After heading back to Bickers and then into the country for a bit of a walk – more sheltered than the Moors but with no less phenomenal a back-drop – we shot back to the hotel for a little R&R before another night out. This time starting at Artillery Tower restaurant, a quaint and friendly little eatery crammed full of character and quirks, we then headed back to meet Dazz at the hotel after his trek down from Leeds to spend some time with his cousin – also a 42 man – for a drink.

The hotel bar was populated by a number of…inebriated people who were all, let’s say, of a certain age. A large contingent of them were present to commemorate the HMS Gloucester’s – The Fighting “G” – stirling work during the German invasion of Crete before it’s eventual sinking in 1941. As soon as they realised/heard/overheard that Bro was a Marine, the place exploded into a riot of congratulations, handshakes, backslaps and war-stories. From a bunch of people who’d never actually been to war. Go figure.
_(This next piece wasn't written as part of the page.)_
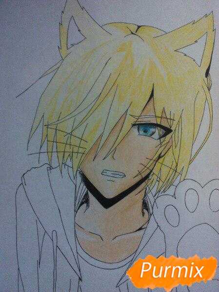 Теперь простым карандашом делаем вверху глаза тень, как показано на рисунке. Приступаем к раскрашиванию волос. Базовые цвета – светло-желтый и темно-желтый.

Once we’d extracted ourselves from the bar, we headed into town and hit the nightlife hard. I eventually stopped drinking around midnight, knowing that making myself ill is a big no-no post-tx, but stayed out with Bro and Dazz watching the latter trying to keep pace with a man he should never be able to keep pace with. Ouch.
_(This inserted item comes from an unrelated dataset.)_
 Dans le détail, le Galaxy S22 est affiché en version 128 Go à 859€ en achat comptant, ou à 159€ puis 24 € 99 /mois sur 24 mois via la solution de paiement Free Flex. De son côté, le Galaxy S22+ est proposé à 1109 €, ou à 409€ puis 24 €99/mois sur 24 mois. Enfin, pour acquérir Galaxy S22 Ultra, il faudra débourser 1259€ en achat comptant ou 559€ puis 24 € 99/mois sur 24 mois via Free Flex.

This morning, once we’d risen from our stupor, we headed out to the Dartmoor Diner outside Bickleigh for a bit of brekkie before hitting the shops on the Barbican from some bits and pieces, then heading off on a leisurely drive home.

It was a great “weekend”, spending time with my Bro and the family all together, eating and drinking far too much, but enjoying every minute of it. As you get older you realise how rare these occasions become when you can all spend time together without someone having to dash off somewhere and it was made all the more special by the true purpose of the occasion to congratulate 42 Commando Royal Marines on everything they’ve done for our country doing a sometimes thankless job. And, of course, paying our respects and tipping our hat to the three men for whose families there was no such celebration this weekend.
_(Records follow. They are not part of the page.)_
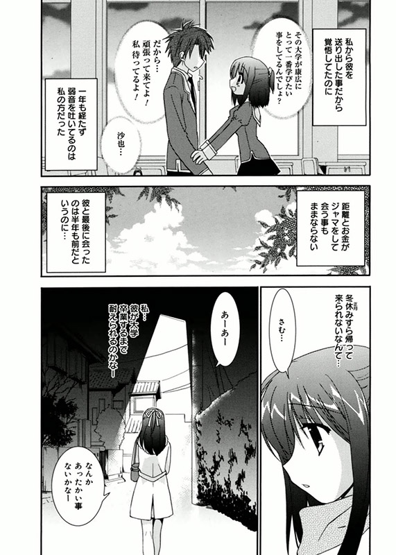大学に入ってすぐに遠恋になってしまった私と康広。お互いのさびしさと身体を癒すためにテレフォンセックスばかりしていたけど、さびしさは埋めきれない。しかしある日、突然康広が逢いに来てくれて……。人肌の温かさに加え、受話器越しで命じられていたことを繰り返していたせいか以前よりはるかに敏感に、かつ感じるようになっていた私。アソコを舐められるごとに電流が走り、我慢しきれなくなって自分から恥ずかしいおねだり。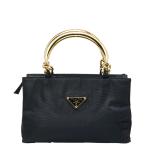 プラダ 三角ロゴプレート ハンドバッグ ネイビー ゴールド ナイロン レディース PRADA 【中古】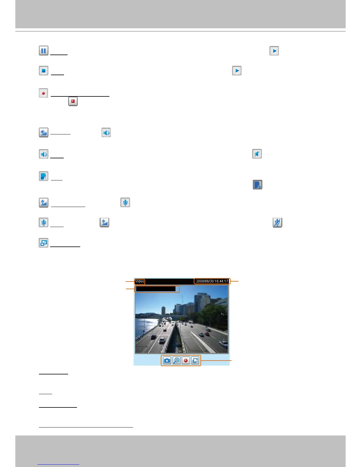 Pause: Pause the transmission of the streaming media� The button becomes the Resume button

God bless you all, Georgie, Tony and Ben – let your deaths not be in vain.

Seriously, this one’s good.

I will update the rest of the blog at some point in the near future, but today has been too good to pass up the chance of blogging about it immediately.

As I’ve rather cryptically mentioned over the last couple of weeks I started writing a project that I’m really keen on. Many of you will now know the name of Chris Jones, a friend of mine who set out in 2007 to make an Oscar-winning short film. Many scoffed, but all were eating humble pie when he was short-listed down to the final 7. Now, that short (Gone Fishing, buy it here, it’s awesome) has landed Chris with all sorts of meetings and potential jobs as well as a top-flight manager Stateside.

Never one to re-invent the wheel when others have ploughed the furrow previously (nor, clearly, afraid to mix a metaphor), I thought I’d see if I could write something that might hit the same kind of notes and be the same kind of showcase as Gone Fishing has been for Chris.

So I started writing one night and came up with a story I liked. I sent it to my brother to look at and he liked it. More than that, he sent me 2 pages of notes to bring it up to scratch and then today we’ve spent the afternoon working through the script and really ironing out the detail of some very heavy military sequences.

What I have now is the first official draft of what I believe could become my calling card to the industry. *EGO ALERT, please look away now* I’ve known for a long time that I have the talent to succeed in this business, but I’ve never quite worked out how to convince other people of what I know I can do myself.*EGO OVER* This is it. This is the script that can change everything for me – I 100% believe that.

More than that, my brother likes it so much he’s putting the wheels into motion to get me the kind of support I could only dream of to help get this made. I can’t go into detail here as it’s in way to early a stage, but mark my words – keep your eyes out for Remembrance. It’s going to rock your socks.